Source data
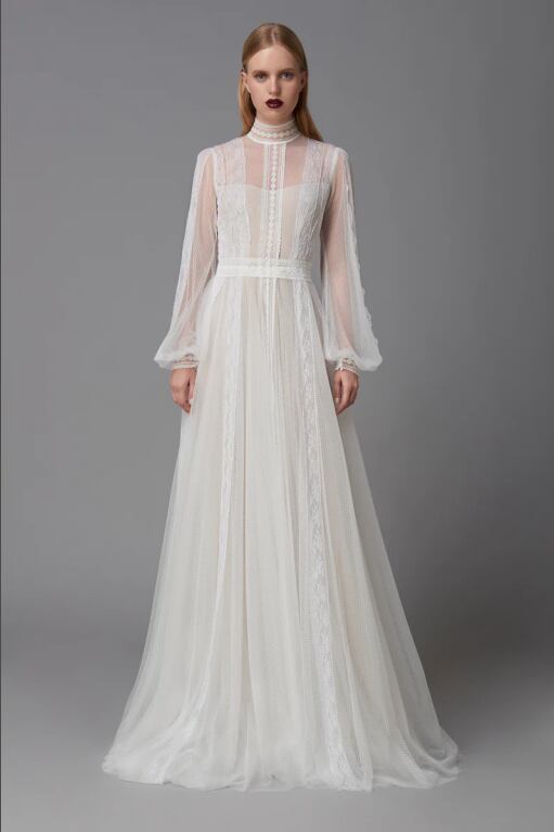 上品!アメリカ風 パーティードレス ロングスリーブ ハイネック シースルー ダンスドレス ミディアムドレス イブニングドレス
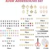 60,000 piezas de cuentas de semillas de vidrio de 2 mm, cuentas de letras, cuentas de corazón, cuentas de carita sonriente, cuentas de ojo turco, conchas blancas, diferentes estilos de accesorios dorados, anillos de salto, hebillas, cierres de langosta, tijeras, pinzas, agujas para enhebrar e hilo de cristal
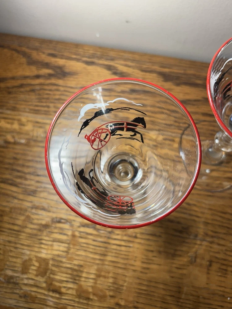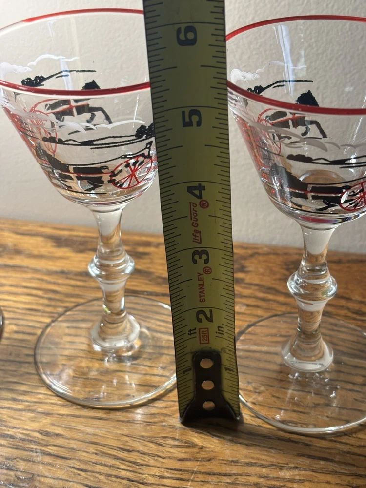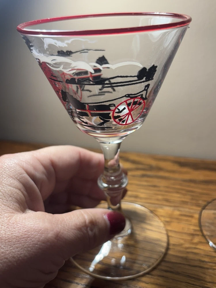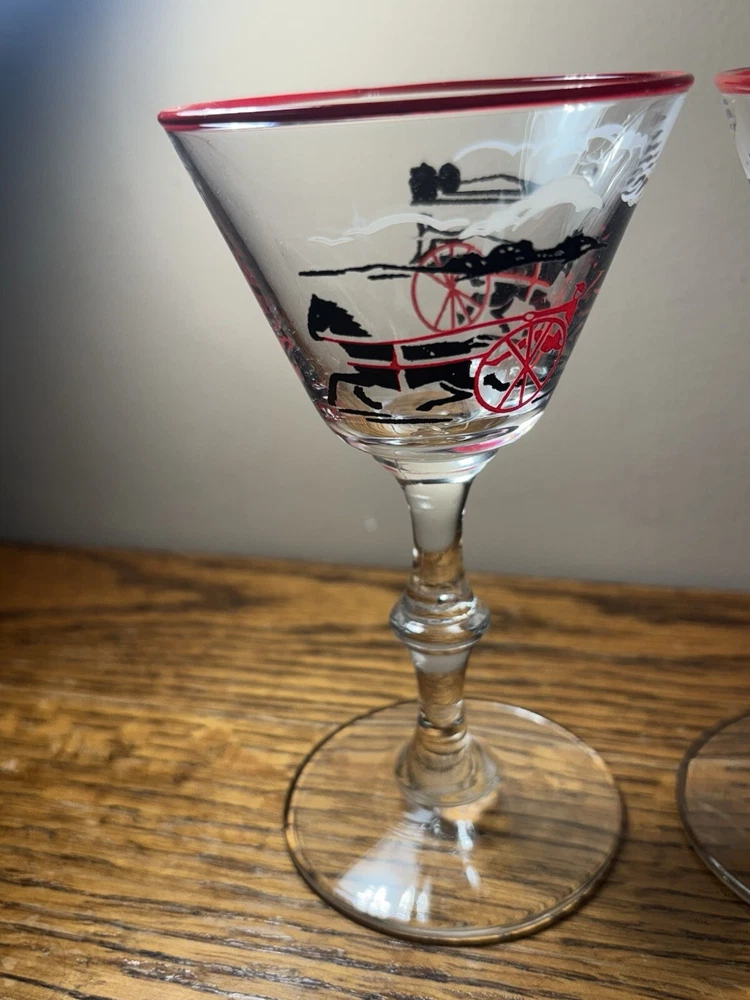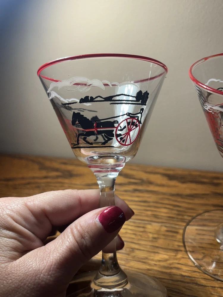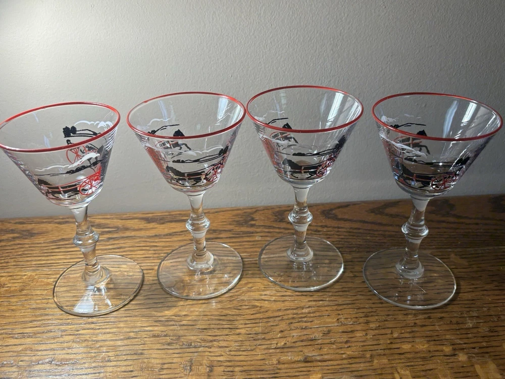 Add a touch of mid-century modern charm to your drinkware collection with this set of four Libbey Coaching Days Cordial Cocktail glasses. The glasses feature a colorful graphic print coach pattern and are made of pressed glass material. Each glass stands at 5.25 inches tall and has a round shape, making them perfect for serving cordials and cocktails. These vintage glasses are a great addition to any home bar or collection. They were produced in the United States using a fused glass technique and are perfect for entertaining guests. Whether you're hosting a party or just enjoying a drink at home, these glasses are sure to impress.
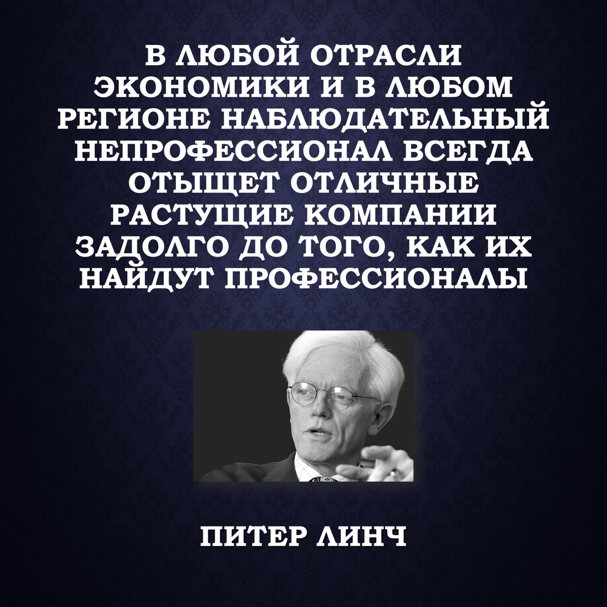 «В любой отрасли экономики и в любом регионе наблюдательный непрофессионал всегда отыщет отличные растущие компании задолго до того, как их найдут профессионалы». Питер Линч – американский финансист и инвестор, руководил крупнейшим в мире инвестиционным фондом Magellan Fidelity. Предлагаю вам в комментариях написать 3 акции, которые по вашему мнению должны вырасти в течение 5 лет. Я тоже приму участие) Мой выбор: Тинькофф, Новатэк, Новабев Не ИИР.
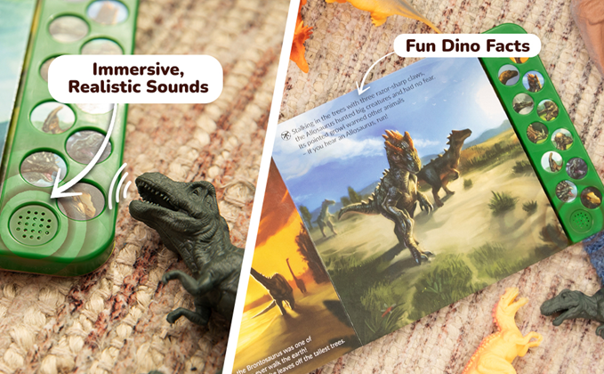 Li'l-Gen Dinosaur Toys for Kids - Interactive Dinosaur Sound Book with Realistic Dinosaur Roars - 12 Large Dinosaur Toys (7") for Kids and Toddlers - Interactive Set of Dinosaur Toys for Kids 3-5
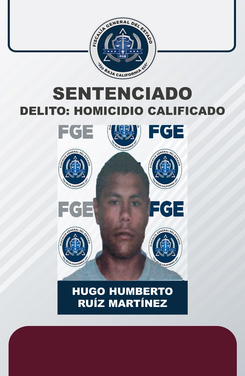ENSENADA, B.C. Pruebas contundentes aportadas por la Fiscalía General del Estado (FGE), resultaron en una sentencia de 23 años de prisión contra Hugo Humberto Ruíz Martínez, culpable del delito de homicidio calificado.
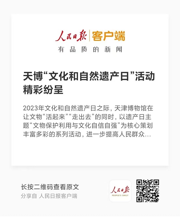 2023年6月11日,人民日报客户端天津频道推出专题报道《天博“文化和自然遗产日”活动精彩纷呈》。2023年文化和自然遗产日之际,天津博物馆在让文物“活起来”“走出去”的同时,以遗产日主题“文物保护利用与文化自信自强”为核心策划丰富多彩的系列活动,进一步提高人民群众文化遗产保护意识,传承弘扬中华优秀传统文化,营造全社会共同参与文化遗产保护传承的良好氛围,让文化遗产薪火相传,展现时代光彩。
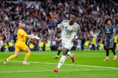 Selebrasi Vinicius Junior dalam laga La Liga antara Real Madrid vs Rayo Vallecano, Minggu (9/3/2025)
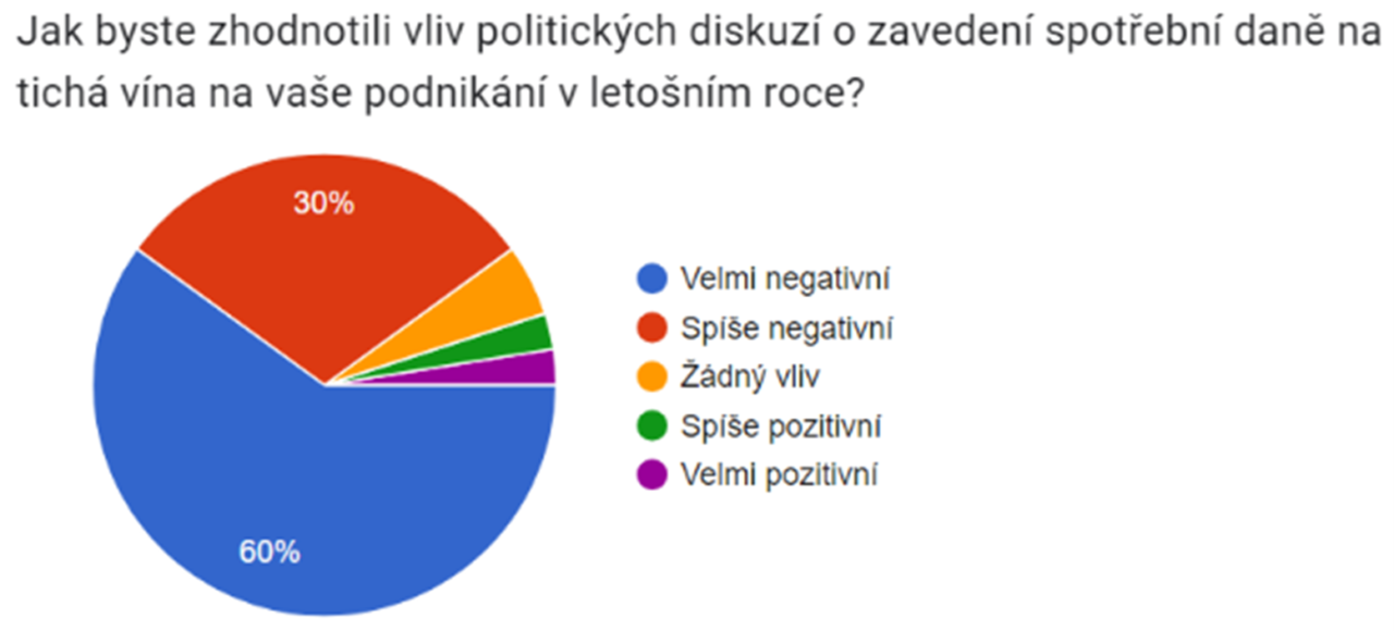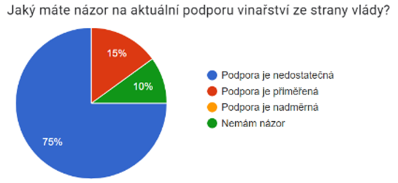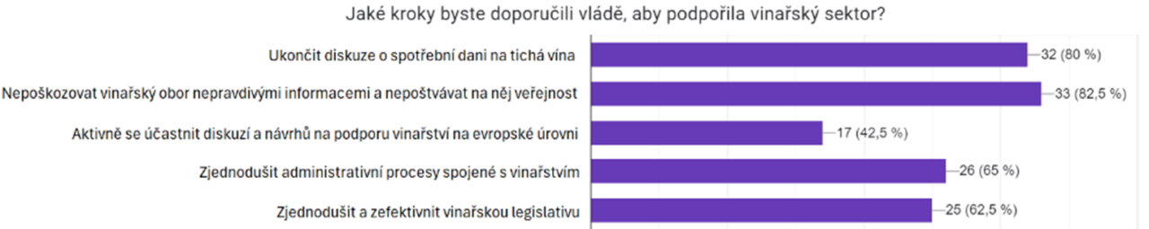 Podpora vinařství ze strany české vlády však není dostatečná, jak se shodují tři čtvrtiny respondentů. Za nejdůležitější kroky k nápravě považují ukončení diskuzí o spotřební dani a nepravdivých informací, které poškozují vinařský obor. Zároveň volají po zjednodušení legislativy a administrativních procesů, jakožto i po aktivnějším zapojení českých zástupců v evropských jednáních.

EXERCISE DIRECTIONS: Every line from the top of the records above to the line with "Add a touch", inclusive, should be duplicated exactly, minus the pictures.

EXPECTED OUTPUT:
 上品!アメリカ風 パーティードレス ロングスリーブ ハイネック シースルー ダンスドレス ミディアムドレス イブニングドレス
 60,000 piezas de cuentas de semillas de vidrio de 2 mm, cuentas de letras, cuentas de corazón, cuentas de carita sonriente, cuentas de ojo turco, conchas blancas, diferentes estilos de accesorios dorados, anillos de salto, hebillas, cierres de langosta, tijeras, pinzas, agujas para enhebrar e hilo de cristal
 Add a touch of mid-century modern charm to your drinkware collection with this set of four Libbey Coaching Days Cordial Cocktail glasses. The glasses feature a colorful graphic print coach pattern and are made of pressed glass material. Each glass stands at 5.25 inches tall and has a round shape, making them perfect for serving cordials and cocktails. These vintage glasses are a great addition to any home bar or collection. They were produced in the United States using a fused glass technique and are perfect for entertaining guests. Whether you're hosting a party or just enjoying a drink at home, these glasses are sure to impress.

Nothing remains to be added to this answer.